Structural and Functional Investigation of a Putative Archaeal Selenocysteine Synthase

Bacterial selenocysteine synthase converts seryl-tRNASec to selenocysteinyl-tRNASec for selenoprotein biosynthesis. The identity of this enzyme in archaea and eukaryotes is unknown. On the basis of sequence similarity, a conserved open reading frame has been annotated as a selenocysteine synthase gene in archaeal genomes. We have determined the crystal structure of the corresponding protein from Methanococcus jannaschii, MJ0158. The protein was found to be dimeric with a distinctive domain arrangement and an exposed active site, built from residues of the large domain of one protomer alone. The shape of the dimer is reminiscent of a substructure of the decameric Escherichia coli selenocysteine synthase seen in electron microscopic projections. However, biochemical analyses demonstrated that MJ0158 lacked affinity for E. coli seryl-tRNASec or M. jannaschii seryl-tRNASec, and neither substrate was directly converted to selenocysteinyl-tRNASec by MJ0158 when supplied with selenophosphate.

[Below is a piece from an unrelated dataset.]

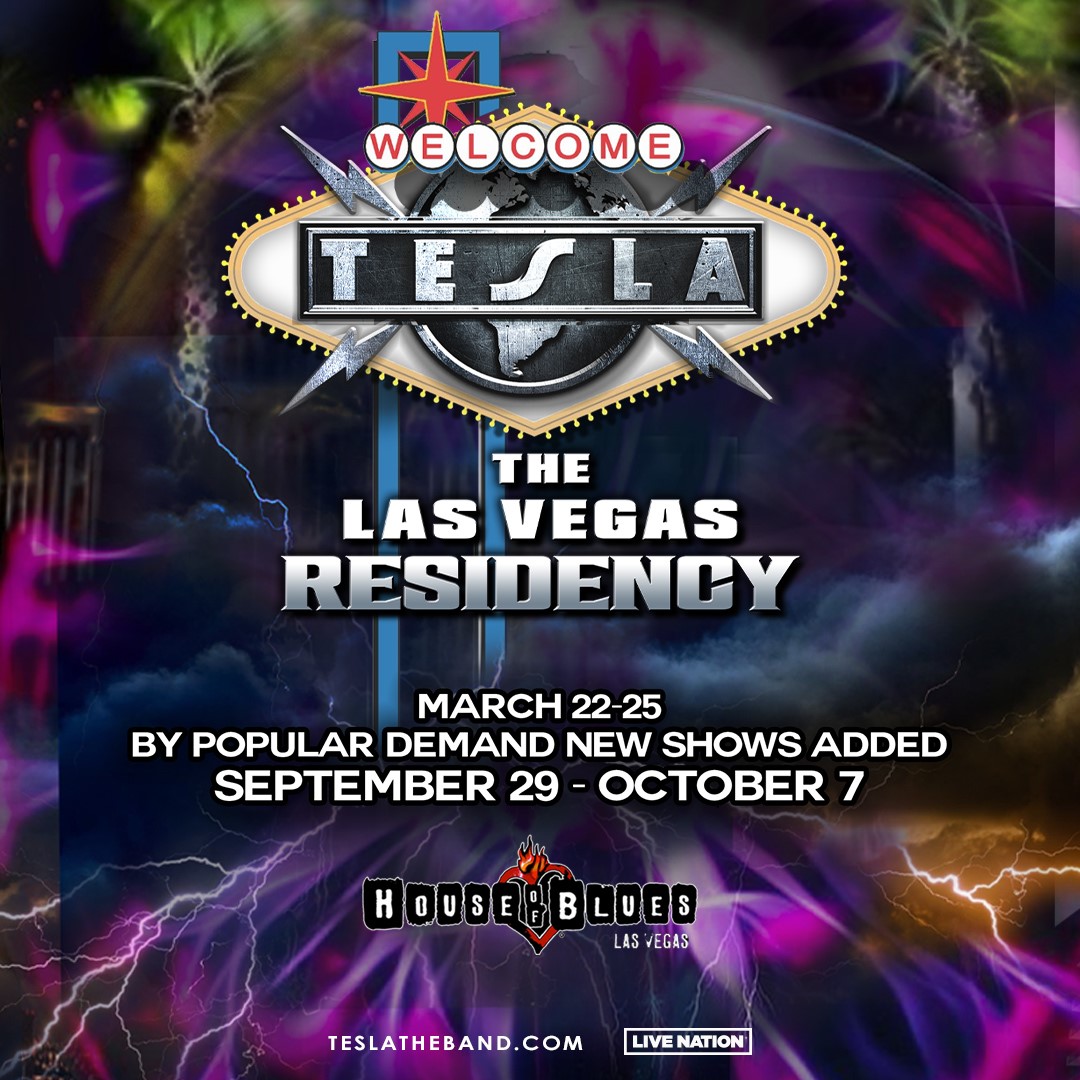 Due to overwhelming demand and following a sold-out opening weekend, legendary rockers TESLA have added five additional shows to their residency. TESLA: The Las Vegas Residency at House of Blues Las Vegas at Mandalay Bay Resort and Casino. Celebrating their 36 years of entertaining rock audiences around the world, TESLA: The Las Vegas Residency will add five additional dates, beginning with Friday, Sept. 29, 2023 at 8:30 p.m. Tickets start at $59.50 plus applicable fees and go on sale Friday, March 24, 2023 at 10 a.m. PT.

We then tested a hypothetical M. jannaschii O-phosphoseryl-tRNASec kinase and demonstrated that the enzyme converts seryl-tRNASec to O-phosphoseryl-tRNASec that could constitute an activated intermediate for selenocysteinyl-tRNASec production. MJ0158 also failed to convert O-phosphoseryl-tRNASec to selenocysteinyl-tRNASec. In contrast, both archaeal and bacterial seryl-tRNA synthetases were able to charge both archaeal and bacterial tRNASec with serine, and E. coli selenocysteine synthase converted both types of seryl-tRNASec to selenocysteinyl-tRNASec. These findings demonstrate that a number of factors from the selenoprotein biosynthesis machineries are cross-reactive between the bacterial and the archaeal systems but that MJ0158 either does not encode a selenocysteine synthase or requires additional factors for activity.